Dass hamulo castellum „steil abfallender Berg“ bedeutet und schon vor einigen hundert Jahren als „der schönste Punkt des schönen Tales“ bezeichnet wurde, war vielleicht manchen Reisenden bekannt. Dass Untererthal an der früheren Nord-Süd-Verbindung zwischen Hamburg und München lag, dass die A 7 mit 900 Kilometern die längste Autobahn Deutschlands ist und dass das schöne Saaletal günstig in der Mitte liegt, vielleicht auch. Aber dass in der Saline in Bad Kissingen Schlehenreißig verwendet wird, um die Luft mit der Sole anzureichern oder dass der Altersdurchschnitt in Bad Kissingen und Baden Baden bundesweit am höchsten ist, war vielleicht eine neue Information. Auch die Namen der zahlreichen Berge, Kirchen und Kapellen dürfte den meisten Teilnehmern nicht geläufig gewesen sein. Grün und üppig leuchteten die frisch beregneten Wälder, eifrig diskutierten die Reisenden über die schönste Aussicht auf Botenlauben und Trimburg.

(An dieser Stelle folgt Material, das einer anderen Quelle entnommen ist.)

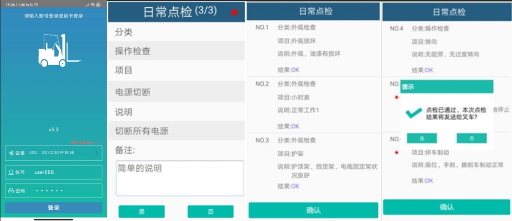 专用APP蓝牙连接叉车进入点检界面,可设置强制点检和点检失败锁车,确保安全无故障即可运行,可向云端传输点检数据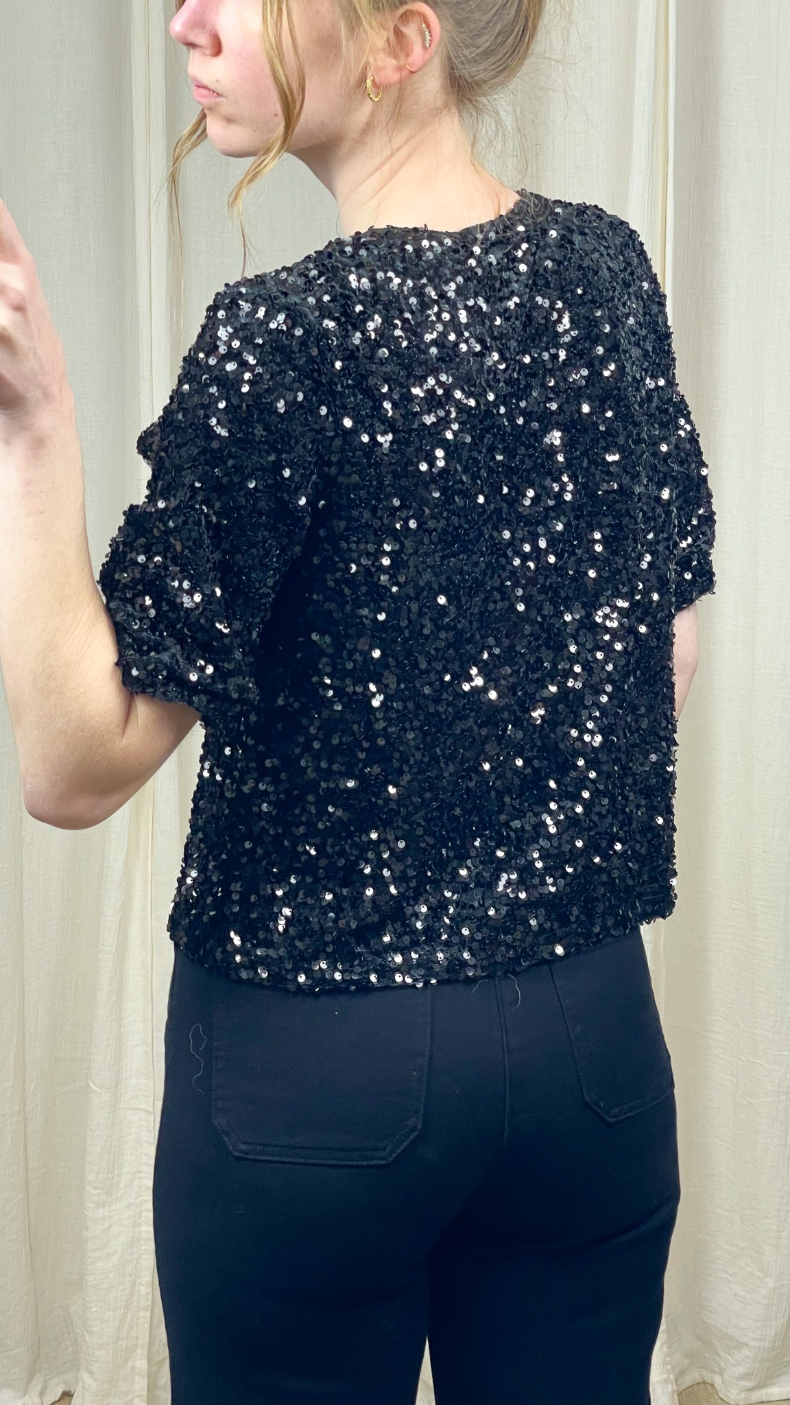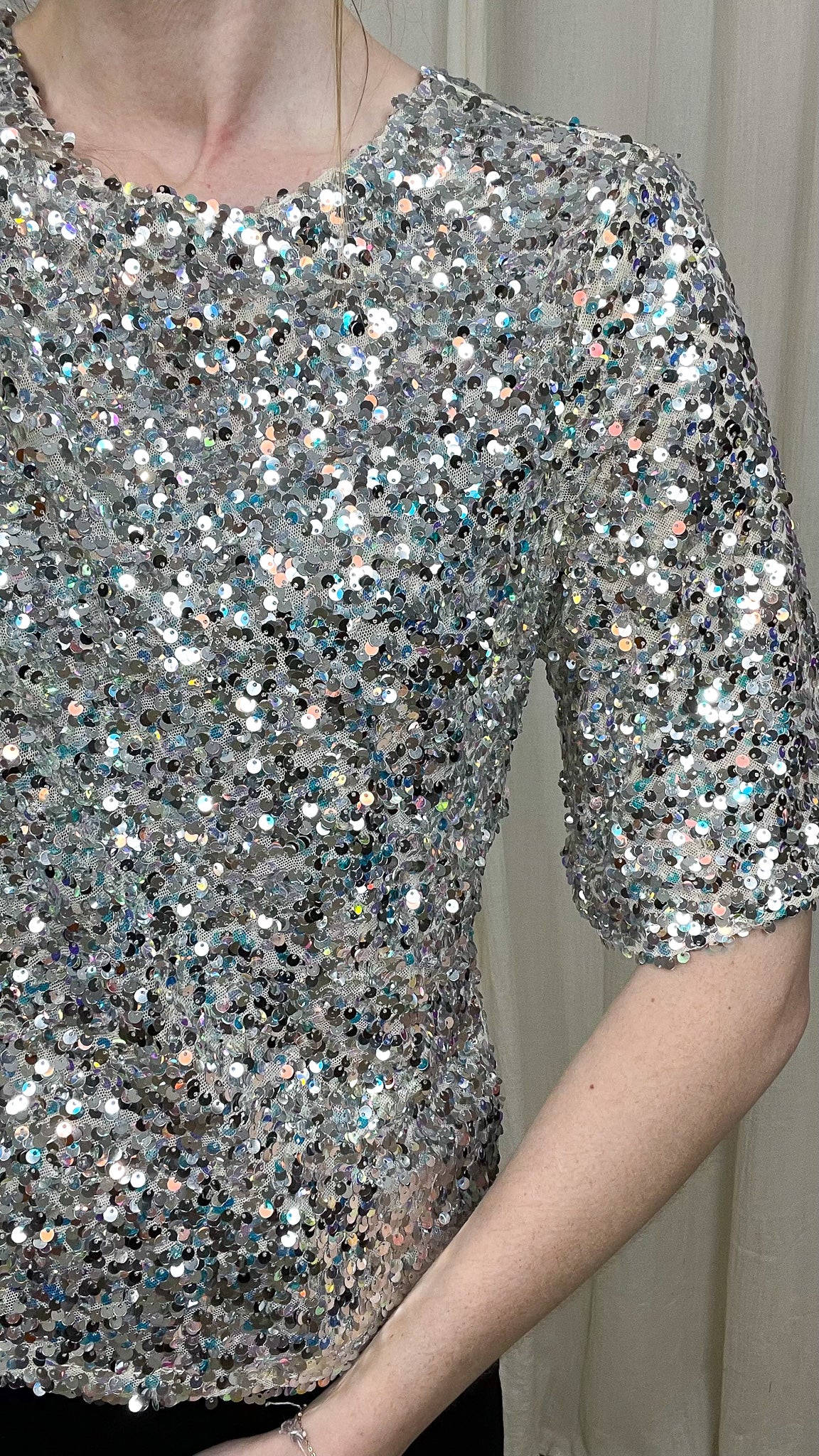 Le T-shirt Chloé est la pièce lumineuse par excellence : entièrement recouvert de sequins, il apporte instantanément du style et une touche festive à n’importe quel look. Sa coupe droite et confortable en fait un top facile à porter, aussi bien en version argentée ultra lumineuse qu’en noir chic et intemporel. Parfait pour briller sans effort.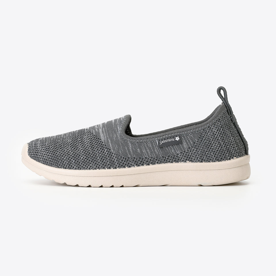 軽量のスリッポンシューズ ヤンミミ#290。アッパーには足にやさしいストレッチメッシュ素材、アウトソールにはクッション性に優れた発泡PVCを採用。アウトソールのPVCは静電気を靴底から逃がす帯電防止配合。冬の乾燥した日も安心です。汚れても丸洗いが可能なウォッシャブル仕様。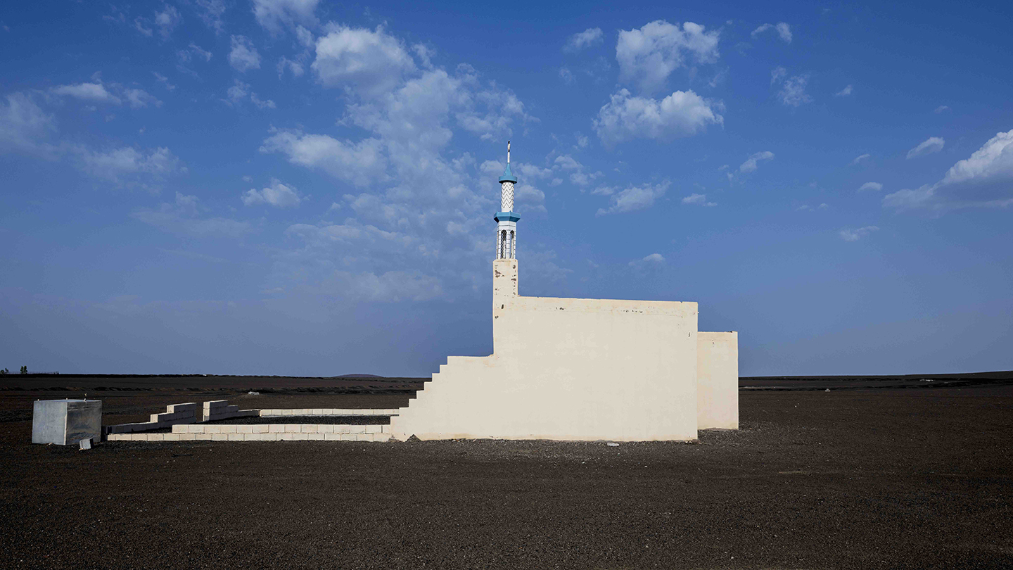 فعلى سبيل المثال، تصوِّر أعمال العوفي استخدامات الإنسان في المناطق القصيّة لمواد مختلفة مستفيدًا مما يتوفّر حوله؛ لإنشاء المساجد في العراء، وبناء جدرانها وأبوابها ومآذنها المصنوعة في كثير من الأحيان من الخردة والمواد المهملة. إضافةً إلى القيمة الجمالية لتلك الأبنية المُرتجَلة، تعضدها القيمة الروحانية لمفهوم المسجد نفسه بوصفه مكانًا للعبادة. وتظهر المفارقة حين تُوضع المواد المتواضعة المتقشِّفة المُستخدمة في التكوينات المختلفة للمآذن والمنارات، في موضع جديد غير مألوف يُشير إلى قدرة الإنسان العملية على تسخير إمكانات المادة. وحينما تُوضع هذه القدرة العملية في هذا الموضع، يُلقى عليها ضوء جديد، يجعل منها ممارسة فنية ويعرّضها للأسئلة التي تنشأ من هذه التجربة.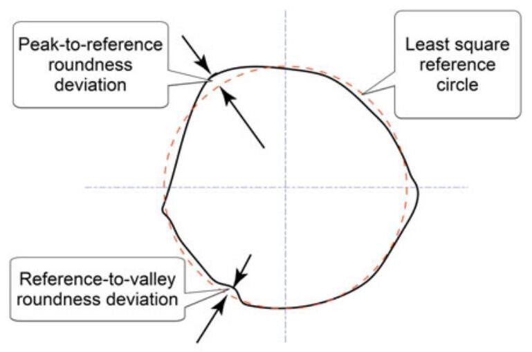 (2) Peak-to-reference roundness deviation, that is, the value of the largest positive local roundness deviation from the least squares reference line.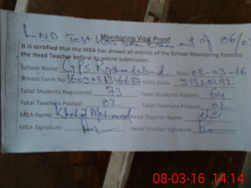 | Certified that this School was Inspected by the Undersigned MEA/DMO Today and the Information Stated Above is as Per Record. | |||||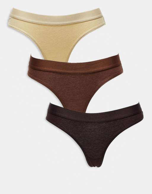 Brave Soul - Confezione da 3 perizomi in cotone marroni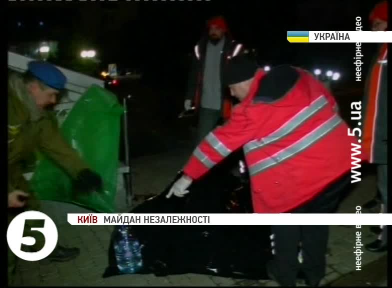 Протестувальник: «Свідки бачили, що людина вже впала, але вона ще жива. Покликали медичну службу – вони намагалися її врятувати. Вона померла на руках у медичної служби, яка є на Майдані, хлопці намагалися її врятувати, надавали першу допомогу, але була велика втрата крові. Тому, поки під’їхала швидка – нажаль, людина померла. Така травма могла бути й від падіння на сходи, наприклад. Тобто, про насильство казати ще зарано».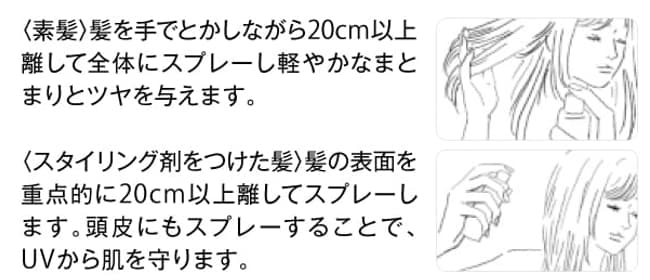 頭皮にもスプレーすることで、UVから肌を守ります。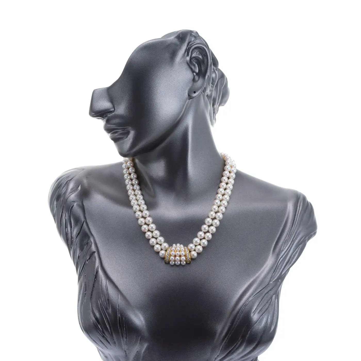 Be the first to review “Mikimoto Double Strand Cultured Pearl Diamond Gold Necklace”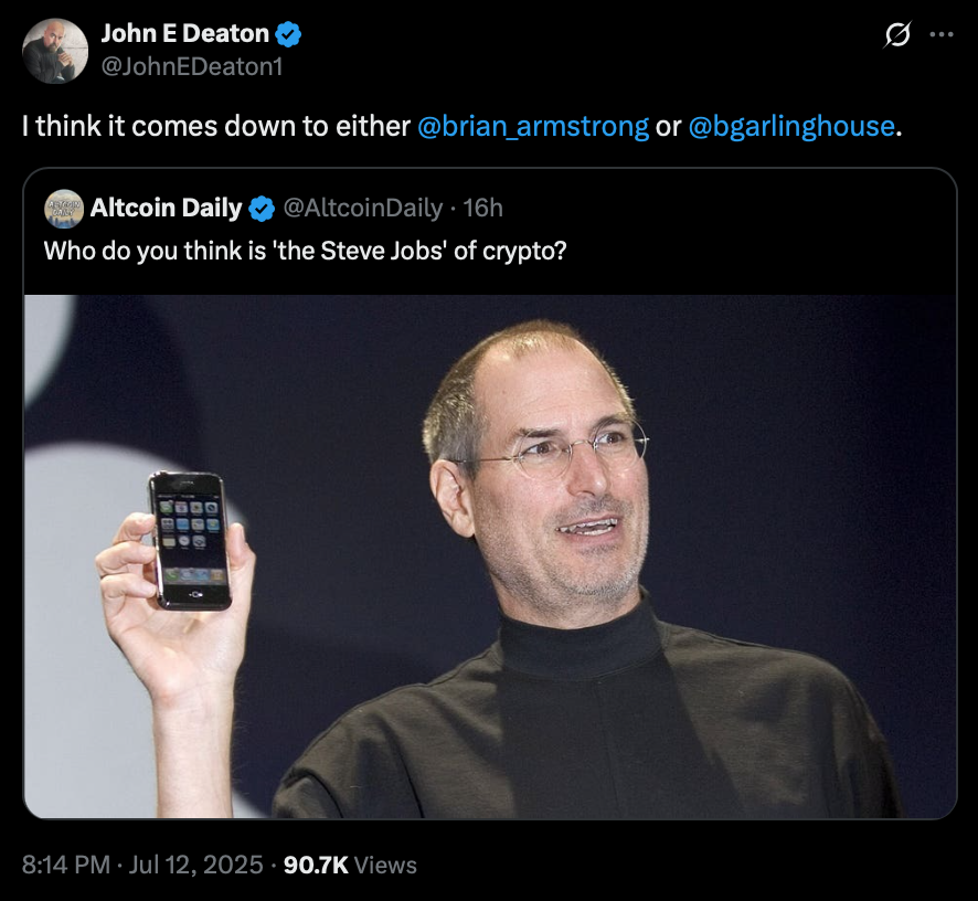 جان دیتن در پستی که در شبکه اجتماعی ایکس (X) منتشر کرد گفت که بهنظر او، لقب استیو جابز کریپتو باید به یکی از این دو نفر داده شود: یا برد گارلینگهاوس، مدیرعامل ریپل یا برایان آرمسترانگ (Brian Armstrong)، مدیرعامل کوینبیس (Coinbase). دیتن این جمله را در پاسخ به سوال یکی از کاربران نوشت که پرسیده بود چه کسی در صنعت کریپتو میتواند معادل استیو جابز باشد.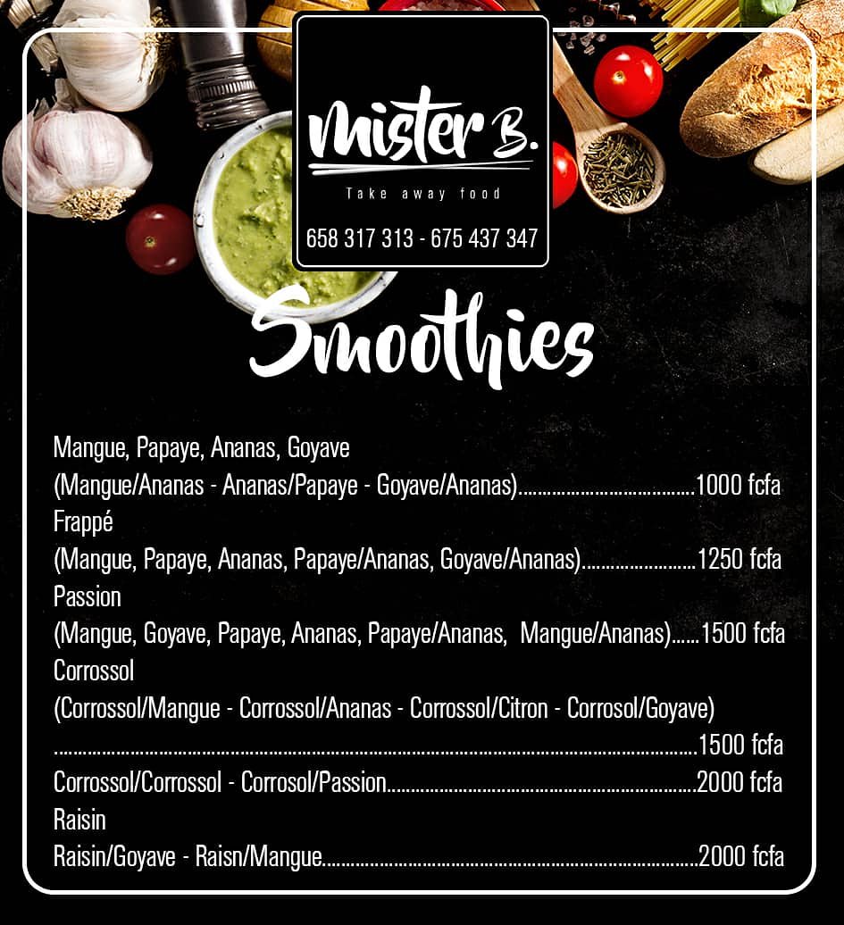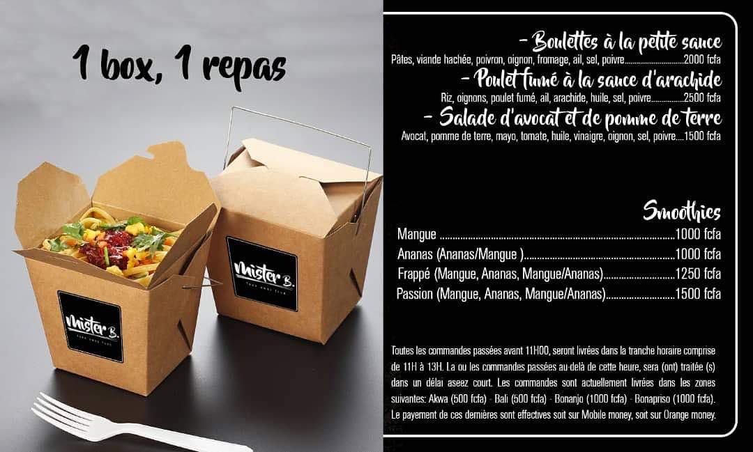 Mister B est un service de livraison de nourriture et de boissons (jus, smoothies). Pour le moment, nous livrons à Douala dans les quartiers Akwa, Bali, Bonanjo et Bonapriso. Chez Mister B., votre repas vous est livré où vous etes et arrive dans des boites en papier craft faites a partir de papier recyclé, entierement étanche et resistant à la chaleur.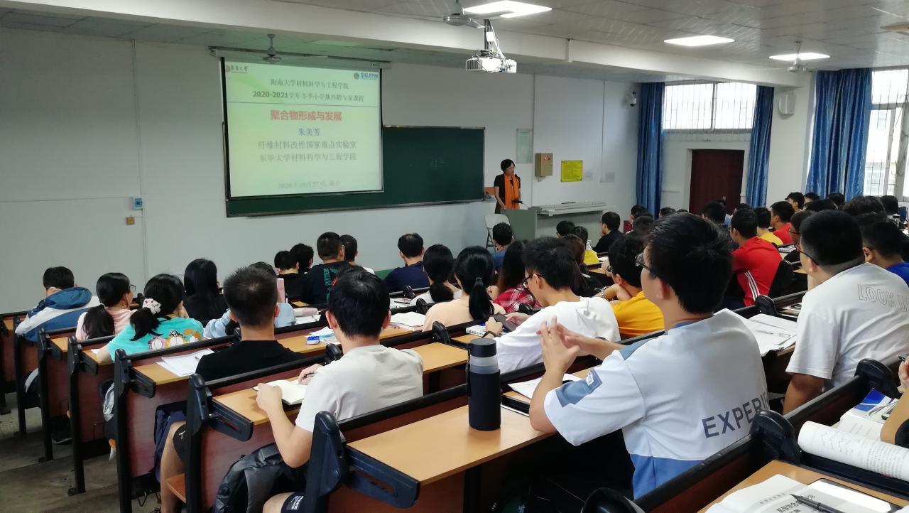 2020年10月27日至28日,东华大学朱美芳院士应邀作为冬季小学期授课专家为高分子材料与工程专业本科生及研究生授课,授课主题分别为《聚合物合成原理及工艺学》、《聚合物基杂化纤维的功能耦合与传递机制》。

Als Verkaufsfahrt mit Kaffee und Kuchen hatte Kulturbunt die Veranstaltung angepriesen, so war im Schreinersch Haus in Machtilshausen dann auch ein kleiner Tisch aufgebaut mit mehr oder weniger geschmackvollen Gegenständen aus den letzten 70 Jahren. Barbara Stross und Gudrun Lienert priesen unter großem Gelächter die „hochwertigen Erzeugnisse“ an und verkauften sogar das ein oder andere Stück.

Höhepunkt der Veranstaltung war der Auftritt des Künstlers und Entertainers Roland Sailer. Hatte er zuvor die Gäste musikalisch mit Wiener Kaffeehausmusik eingestimmt, brachte er in seinem Hauptprogramm zwischen Liedern und Literatur rund um den Kaffee auch Informationen unter, die das Verständnis des schwarzen Getränkes vertieften.

Wie bei so manchen Kaffeekränzchen auch, kam der Künstler vom Kaffee schnell auf ein weiteres anregendes Thema, die Liebe. So sang Seiler von kaffeebraunen Augen „groß wie Mühlräder, die die Herzen der Männer wie Getreidekörner mahlen“. Er lehrte die Gäste ein baskisches Lied zum Mitsingen und zwischen all den romantischen Tönen war der ein oder andere Kommentar zu vernehmen, dass eine Kaffeefahrt so und nicht anders zu sein habe.